* TASK OBJECTIVE
Would you copy the records below, exactly and only from their first line through the line containing "AI-generated deepfakes and", without any pictures?

* Dataset excerpts
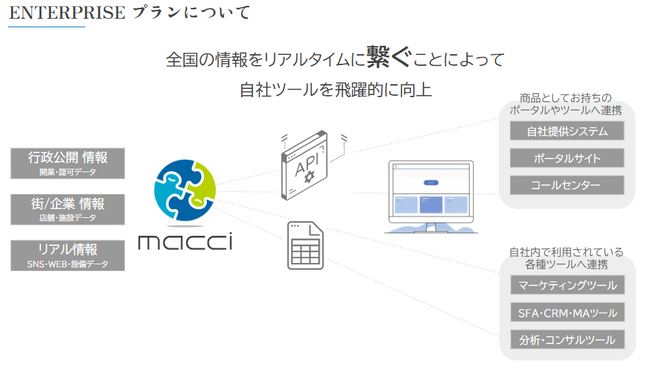 macciデータを、自社提供サービス(ポータルサイト等)や、自社が利用しているツール(CRM/SFA/MA等)に
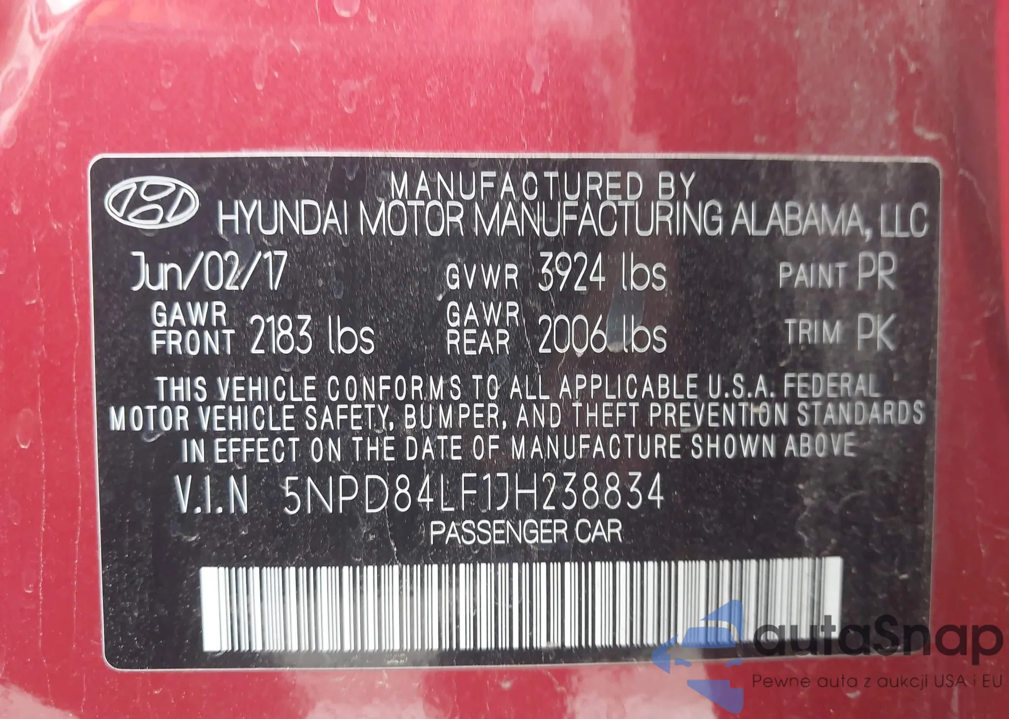 LOT: 42332504 VIN: 5NPD84LF1JH238834
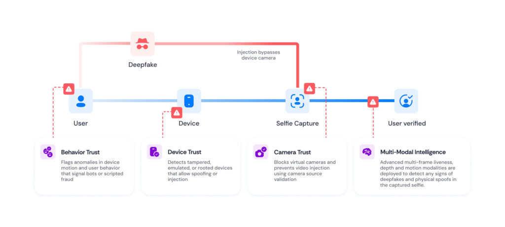AI-generated deepfakes and advanced digital manipulation techniques. Digital attacks attempt to bypass identity verification software using digital manipulation, including AI-generated deepfakes.
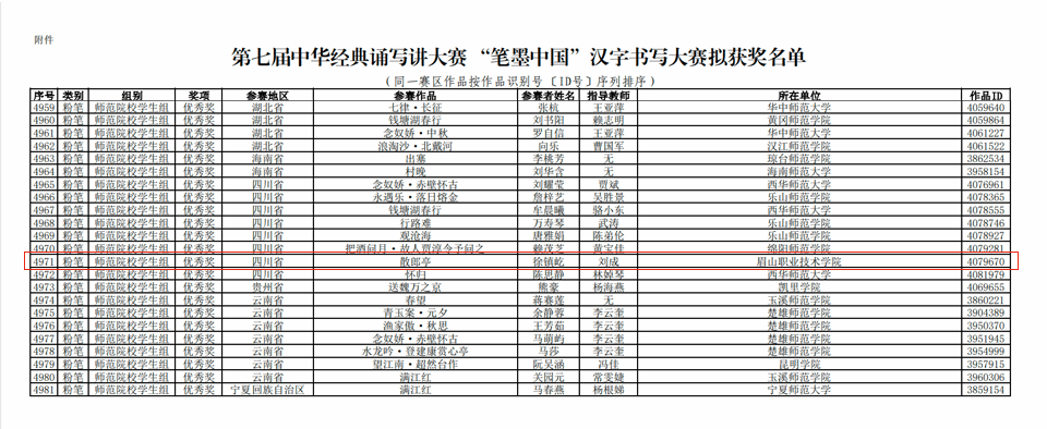 近日,由教育部、国家语言文字工作委员会主办的第七届中华经典诵写讲大赛获奖名单相继揭晓。我校学子在“诗教中国”诗词讲解大赛与“笔墨中国”汉字书写大赛两大赛事中双双斩获国家级奖项,实现历史性突破。
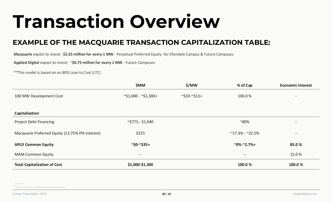 AppliedDigital.comInvestor Presentation 2026 Transaction Overview EXAMPLE OF THE MACQUARIE TRANSACTION CAPITALIZATION TABLE: Macquarie expect to invest: $2.25 million for every 1 MW - Perpetual Preferred Equity -for Ellendale Campus & Future Campuses Applied Digital expect to invest: ~$0.75 million for every 1 MW - Future Campuses **This model is based on an 80% Loan to Cost (LTC) $MM $/MW % of Cap Economic Interest 100 MW Development Cost ~$1,000 - ~$1,300+ ~$10-~$13+ 100.0 % -- Capitalization Project Debt Financing ~$775 - $1,040 ~80% -- Macquarie Preferred Equity (12.75% PIK Interest) $225 ~17.3% - ~22.5% -- APLD Common Equity ~$0-~$35+ ~0%-~2.7%+ 85.0 % MAM Common Equity -- -- 15.0 % Total Capitalization of Cost $1,000-$1,300 100.0 % 100.0 % :Disclosures: **Subject to ne gotiation of additional definitive docume ntation .​ 41 / 46
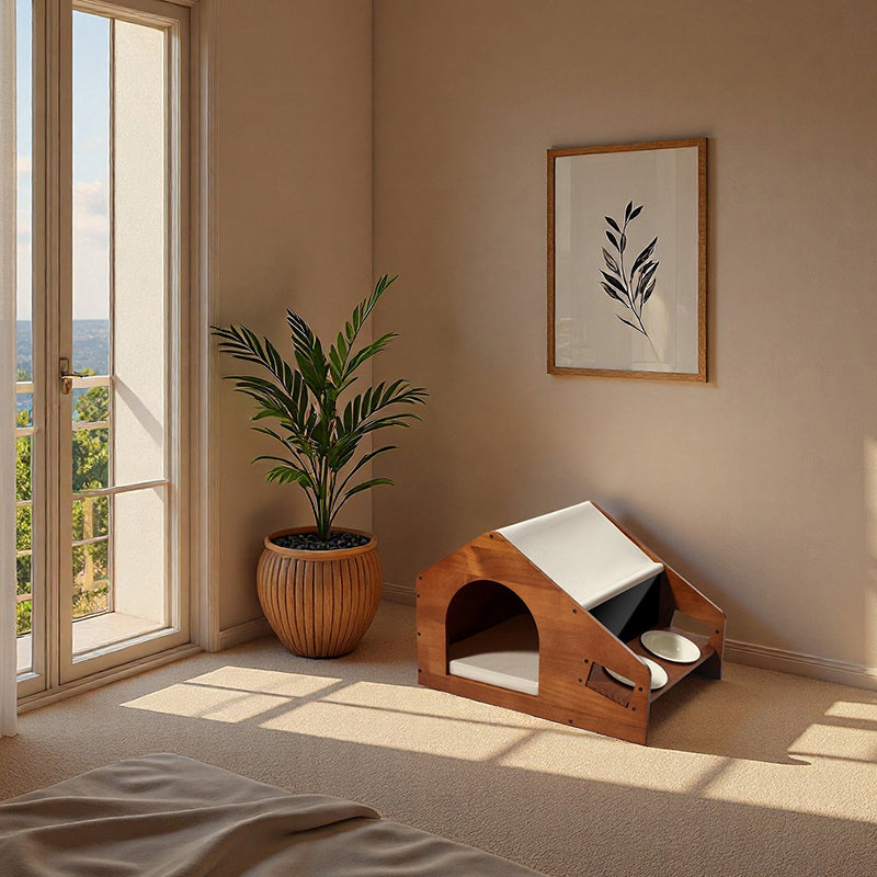 The interior offers a spacious, inviting layout lined with soft, washable fabric to ensure your pet’s comfort is as prioritized as the home’s aesthetic. Designed to serve as a refined piece of furniture, this pet villa combines easy maintenance with a timeless look that enhances the sophistication of any living room.
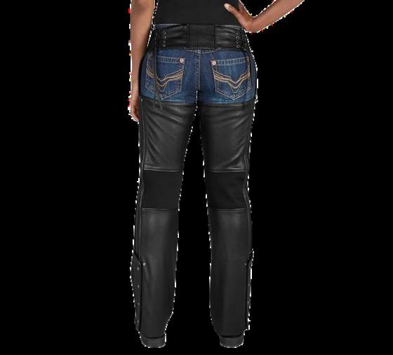 INSTOCKONLY $439 H-D® Women's Deluxe II Leather Chap Chapsthatfitlikeaglove.Withpower-stretch,lacing,stretchthigh/knee, cuttablehem,ANDdualzip,theDeluxeIILeatherChapoffersacustomfit. Graphicsonthesewomen'smotorcyclechapsareintentionallyminimalto coordinatewithanyjacket.
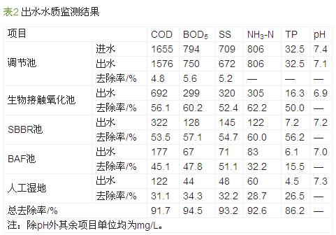 由于豬場沼液的碳氮比低,可生化性差,不適合微生物生長,故定時向廢水中添加一定量的營養(yǎng)物,以提高B/C。系統(tǒng)運行至今,各單元處理效果穩(wěn)定,經(jīng)生物接觸氧化、SBBR、BAF、人工濕地處理后,出水水質(zhì)可滿足《畜禽養(yǎng)殖業(yè)污染物排放標準》(GB 18596—2001)中的相關(guān)要求,監(jiān)測結(jié)果見表2。
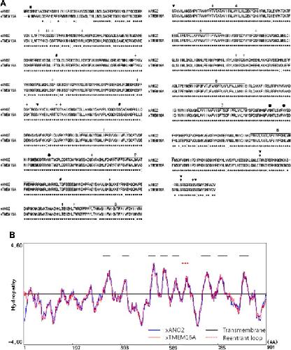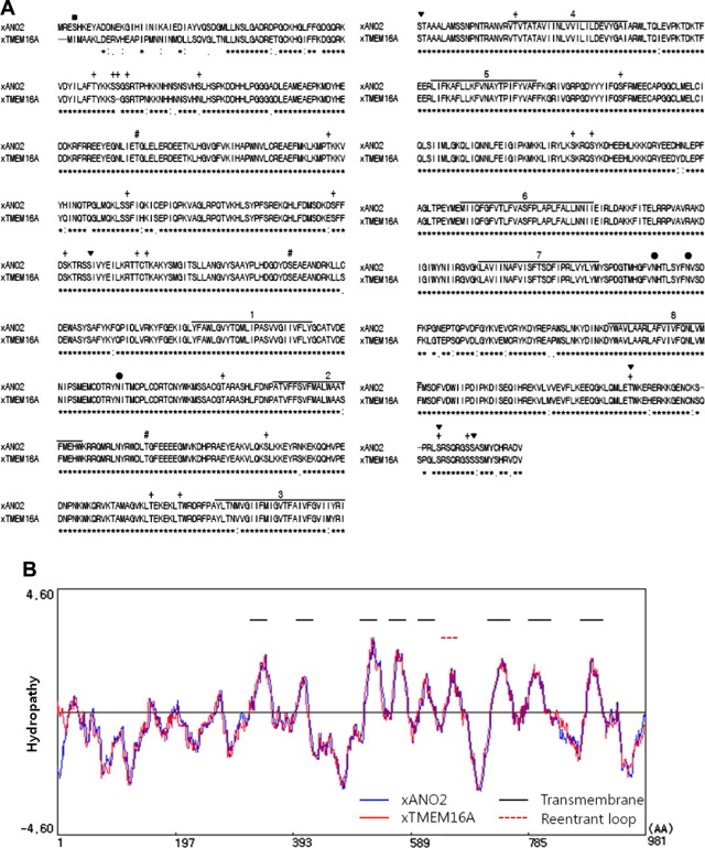Primary structure analysis of X. laevis anoctamins. (A) Amino acid (aa) alignment was deduced by querying the xANO2 aa sequence using GENETYX. The aa homology is indicated as follows: identical (asterisk), similar (dot). The putative transmembrane regions are marked by an upper line. Consensus sites are marked for N-linked glycosylation (●), phosphorylation by PKA (▾), PKC (+), PKG (■), casein II (#). (B) Hydrophobicity plots (Kyte–Doolittle analysis) of the anoctamin aa sequences. Both hydropathy plots were absolutely consistent in the overall region except for a short range at the amino terminus. The hydropathy plots were analyzed using an analysis window of 17 residues, and then overlapped. Hydrophobic domains are given as positive values. The proposed TM segments and reentrant loop are indicated by horizontal lines and dotted line, respectively.
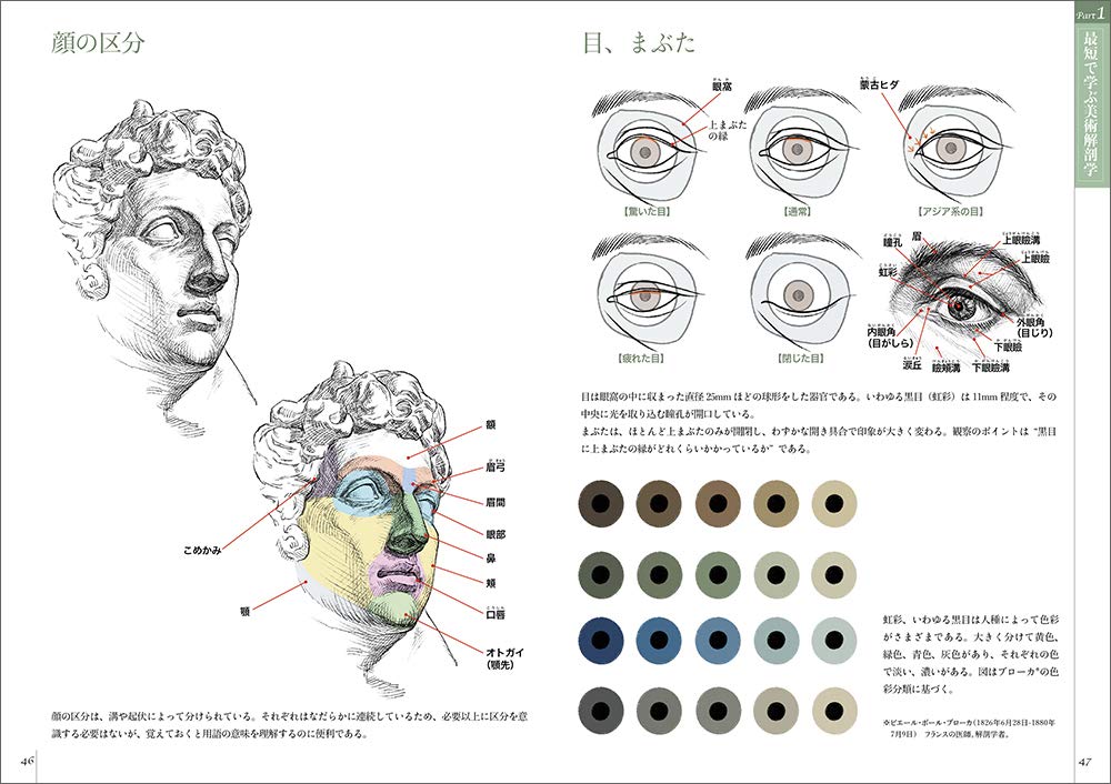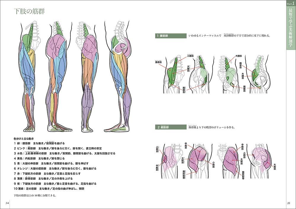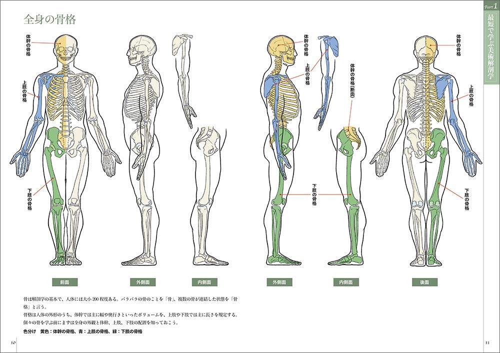 PART 1 summarizes the content necessary for art anatomy in 42 pages. When learning about the skeleton, instead of explaining the names of all parts, we focus only on the main parts that can be seen from the body surface. The color-coded muscle diagram organizes the 43 muscles that make up the upper limbs into nine muscle groups, greatly reducing the learning load.

* TASK RESPONSE
 macciデータを、自社提供サービス(ポータルサイト等)や、自社が利用しているツール(CRM/SFA/MA等)に
 LOT: 42332504 VIN: 5NPD84LF1JH238834
AI-generated deepfakes and advanced digital manipulation techniques. Digital attacks attempt to bypass identity verification software using digital manipulation, including AI-generated deepfakes.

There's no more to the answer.